What is adjusted EBITDA?
Adjusted EBITDA is reported EBITDA recast to reflect what the business sustainably earns under normal ownership. It starts from EBITDA and applies a set of adjustments — add-backs for costs that won't recur, and deductions for costs the business has been under-spending on — to arrive at a normalized run-rate figure.
The purpose is to strip out distortions that don't reflect ongoing operations: a one-time legal settlement, the founder's above-market salary, severance from a restructuring, transaction fees, a discontinued product line. A buyer doesn't want to pay a multiple on earnings that were depressed or inflated by items they'll never see again.
Because private companies are typically priced as a multiple of adjusted EBITDA, this is frequently the single most negotiated number in a deal.

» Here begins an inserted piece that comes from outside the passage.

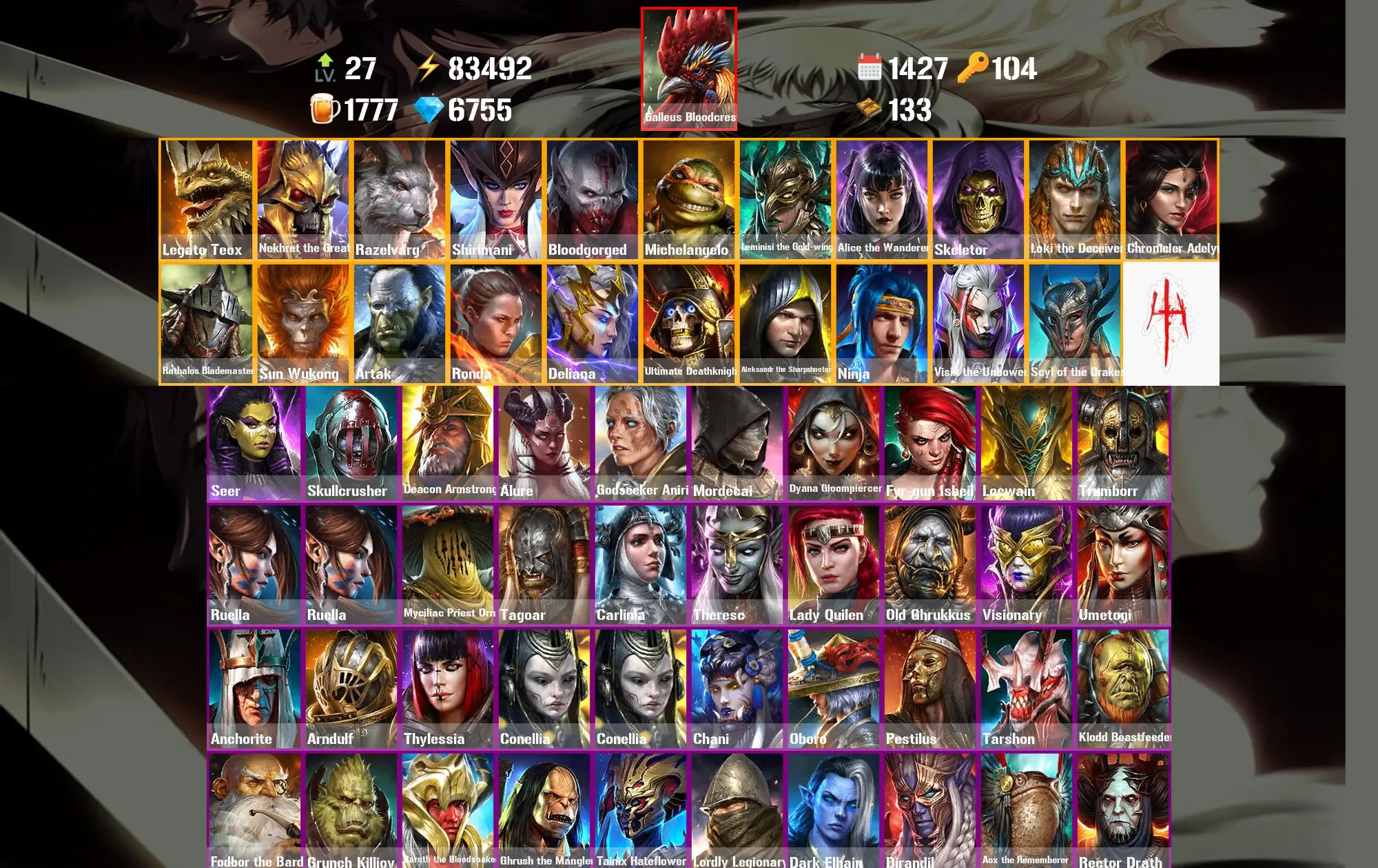 1427 Days 83.5k Energy [Mythical Starter] Galleus Bloodcrest βΈ± Legate Teox βΈ± Nekhret the Great βΈ± Razelvarg βΈ± Shirimani βΈ± Bloodgorged βΈ± Seer βΈ± Skullcrusher βΈ± 56.4m Silver βΈ± 6.8k Gems

Unlike statutory EBITDA, adjusted EBITDA is not defined by accounting standards — every adjustment is a judgment call, and each one is contested by the other side of the table.
How adjusted EBITDA is built
The construction runs through a bridge from reported earnings to a defensible run-rate.
- Start from EBITDA. Operating income plus depreciation and amortization, before any normalization.
- Add back non-recurring items. Genuinely one-time costs — litigation, restructuring, transaction expenses — that won't repeat under the new owner.
- Normalize owner-specific items. Adjust above- or below-market owner compensation, related-party rent, and personal expenses run through the business to an arm's-length level.
- Apply pro-forma and run-rate effects. The annualized impact of recent price changes, contract wins or losses, and acquisitions, so the figure reflects the go-forward business.
- Subtract understated costs. Add back the cost of investments the company has deferred — the deductions that a rigorous analysis insists on, not just the favorable add-backs.
Where adjusted EBITDA gets abused
Because there is no rulebook, adjusted EBITDA is the easiest figure in a deal to inflate. Sellers have an incentive to classify recurring costs as "one-time," to add back aggressive synergies, or to annualize the best quarter rather than a representative period.
This is precisely why buyers commission a quality-of-earnings study to test each add-back line by line. A credible adjusted EBITDA is one where every adjustment can be defended with evidence — and where the deductions for under-spending are taken as seriously as the add-backs. The gap between a seller's adjusted EBITDA and a buyer's is often where the price negotiation actually happens.